Но я не двигаюсь с места.
Жители… С ними тоже что-то не то. Деталей не рассмотреть, но в их движениях улавливается то излишняя резкость, то непривычная глазу плавность – или все вместе. Даже долетающий до меня гул напоминает скорее не о городе, а о… зоопарке.
– Зверополис… – заворожено произношу я.
– Мы называем этот город Озвереловкой, – с гордостью поправляет меня Заяц. – Но у людей, конечно, свое название.
Невероятно!.. Я столько времени прожила бок о бок с Волками – да я полюбила одного из них! – что думала, зверодухами меня не удивишь. Но целый город!.. Кого там только нет! Вот те, вертлявые, с бурыми шевелюрами, возможно, Бобры. А вон те, что ходят группой, вперевалочку. Утки?!
Может, я сплю? Но я чувствую, как легонько меня подталкивает в спину ветер, как закатное солнце тепло касается макушки. Делаю шаг вперед – и слышу, как скатываются по гравию задетые ботинком камешки. Это происходит наяву. Наверное, нечто подобное чувствовали люди, впервые полетевшие в космос. Восторг на грани с эйфорией. И где-то в глубине души – страх. Потому что этот город – этот мир – совершенно не похож на мой. Он неуправляем, живет по другим законам, которых я не знаю. И кем в этом мире является человек? А если этот человек – дочь Охотника и возлюбленная изгнанного из стаи Волка?
Но пока зверодухи не кажутся опасными. Учуяв меня, перебегают на другую сторону дороги. Оборачиваются, когда я прохожу мимо. Долго смотрят вслед – я вижу это в отражении витрин. Город зверодухов. Здесь они чувствуют себя в безопасности.
Некоторые жители так похожи на людей, что об особенности их генов я догадываюсь лишь по взглядам. Но есть и те, которых «идентифицирую» с легкостью.
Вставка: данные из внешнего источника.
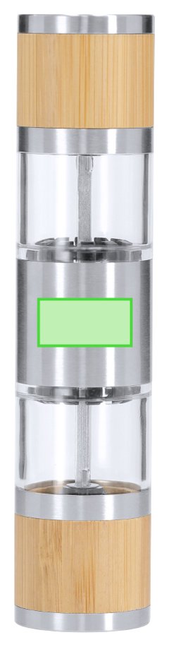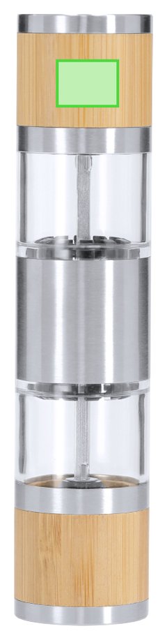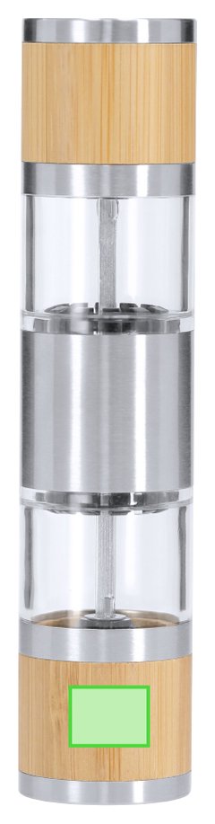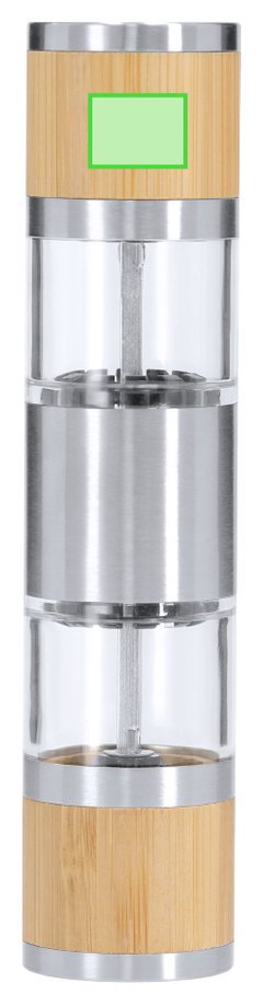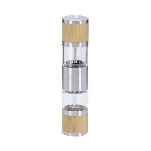 Molinillo manual para sal y pimienta fabricado en Bambú y Acero Inoxidable. Incluye dos compartimentos separados para sal y pimienta, cada uno con molinillo cerámico interno y ajuste manual de grosor. Cuenta con una ventana para visualizar el nivel.

Трепетные Лани с большими, чуть раскосыми глазами. Невысокого роста, крепко сложенные Кабаны с такими короткими шеями, что их головы кажутся вжатыми в плечи. И Лоси – вот в ком звериный ген угадывается с первого взгляда. Огромные – в полтора раза выше меня. С крупной головой, короткими густыми волосами, длинными ногами – степенные, медлительные. Вот они-то, увидев меня, дорогу не переходят. И даже не оборачиваются. А когда мы встречаемся взглядами, то опустить голову хочется мне. Именно они кажутся царями этого города зверей.
– Мы пришли! – радостно сообщает Заяц, и я останавливаюсь у широкой веранды одноэтажного деревянного дома.
Он находится особняком от других зданий. Сзади на него наступает лес.
Заяц долго возится со связкой ключей, прежде чем находит нужный. Я оглядываюсь и успеваю заметить, как в доме напротив за шторой скрывается детское личико.
Что ж, в прошлый раз тюрьма была попроще. Пусть моя жизнь и похожа на спираль, зато она, по крайней мере, сделала виток вверх, а не вниз.
– Располагайтесь, – предлагает мне Заяц. – Еда в холодильнике. Наверняка вы проголодались.
Я вежливо благодарю.
– Очень красивый дом… – и это самая длинная фраза, сказанная мной Зайцу с момента нашей встречи.
Дом действительно красив. Уютная кухня, просторная гостиная, застланная ковром. Занавески на широких окнах. На подоконниках кадки с цветами. Прохладно, но напротив дивана – камин.
– …Только вы не подскажите, что я здесь делаю?
– Просто гостите в этом дружелюбном городе, – так же вежливо отвечает провожатый, при этом его верхняя губа вздрагивает, обнажая длинные передние зубы.
Я не чувствую в этом угрозы – похоже, Заяц просто нервничает, – но мне все равно становится не по себе от его неосознанной демонстрации пропасти между нами. Я словно в одной клетке со зверем – но кем-то более страшным, чем русак.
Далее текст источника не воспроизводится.